## WHAT TO WORK ON
Pictures excluded, output exactly the lines from the one containing "Black Satin Organza" through the last line of the listing below.
────────────────
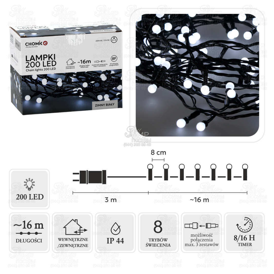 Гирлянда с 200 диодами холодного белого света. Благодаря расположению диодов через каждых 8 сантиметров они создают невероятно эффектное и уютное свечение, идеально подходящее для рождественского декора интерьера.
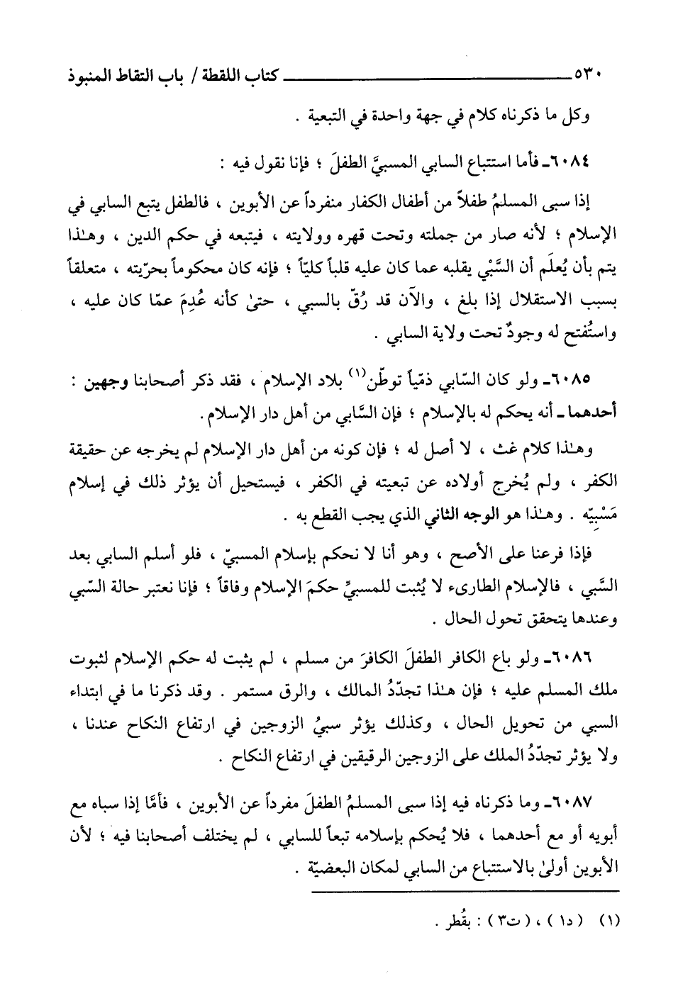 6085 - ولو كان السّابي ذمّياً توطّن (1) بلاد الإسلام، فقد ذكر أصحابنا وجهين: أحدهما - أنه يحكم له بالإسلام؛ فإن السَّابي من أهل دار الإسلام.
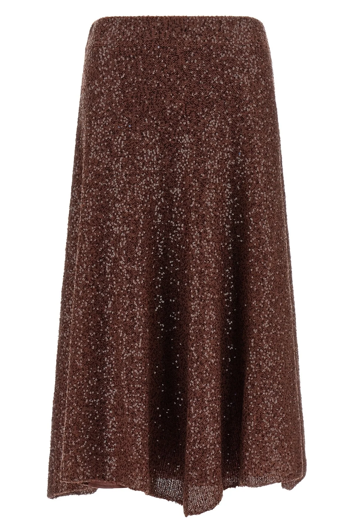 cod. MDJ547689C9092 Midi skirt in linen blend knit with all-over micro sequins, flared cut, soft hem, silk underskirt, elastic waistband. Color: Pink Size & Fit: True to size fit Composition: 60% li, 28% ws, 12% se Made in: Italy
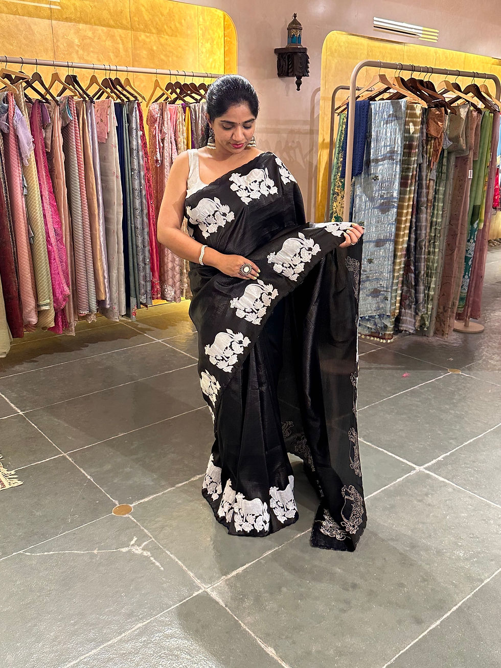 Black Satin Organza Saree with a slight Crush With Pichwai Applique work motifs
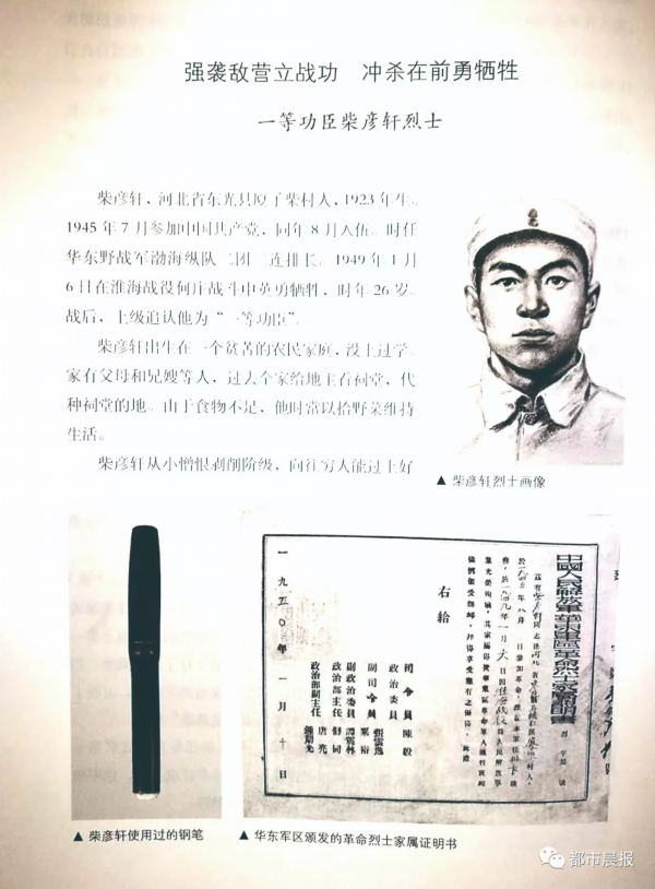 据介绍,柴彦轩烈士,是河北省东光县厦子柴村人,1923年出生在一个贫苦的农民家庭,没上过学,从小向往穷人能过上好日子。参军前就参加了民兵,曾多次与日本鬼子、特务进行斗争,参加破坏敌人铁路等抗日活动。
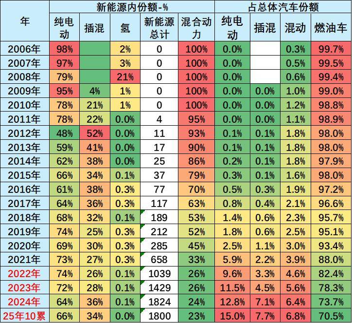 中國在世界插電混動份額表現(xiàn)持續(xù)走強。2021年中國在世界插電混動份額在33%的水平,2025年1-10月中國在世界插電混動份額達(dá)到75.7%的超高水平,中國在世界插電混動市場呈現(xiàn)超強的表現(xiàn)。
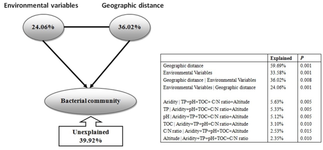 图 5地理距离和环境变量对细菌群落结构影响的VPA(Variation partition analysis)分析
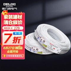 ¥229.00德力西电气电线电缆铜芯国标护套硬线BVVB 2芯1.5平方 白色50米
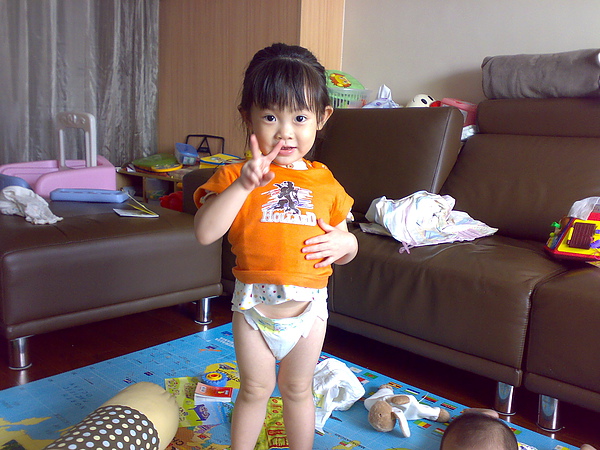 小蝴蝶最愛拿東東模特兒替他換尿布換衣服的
────────────────
## ANSWER TO THIS PROBLEM
 Black Satin Organza Saree with a slight Crush With Pichwai Applique work motifs
 据介绍,柴彦轩烈士,是河北省东光县厦子柴村人,1923年出生在一个贫苦的农民家庭,没上过学,从小向往穷人能过上好日子。参军前就参加了民兵,曾多次与日本鬼子、特务进行斗争,参加破坏敌人铁路等抗日活动。
 中國在世界插電混動份額表現(xiàn)持續(xù)走強。2021年中國在世界插電混動份額在33%的水平,2025年1-10月中國在世界插電混動份額達(dá)到75.7%的超高水平,中國在世界插電混動市場呈現(xiàn)超強的表現(xiàn)。
 图 5地理距离和环境变量对细菌群落结构影响的VPA(Variation partition analysis)分析
 ¥229.00德力西电气电线电缆铜芯国标护套硬线BVVB 2芯1.5平方 白色50米
 小蝴蝶最愛拿東東模特兒替他換尿布換衣服的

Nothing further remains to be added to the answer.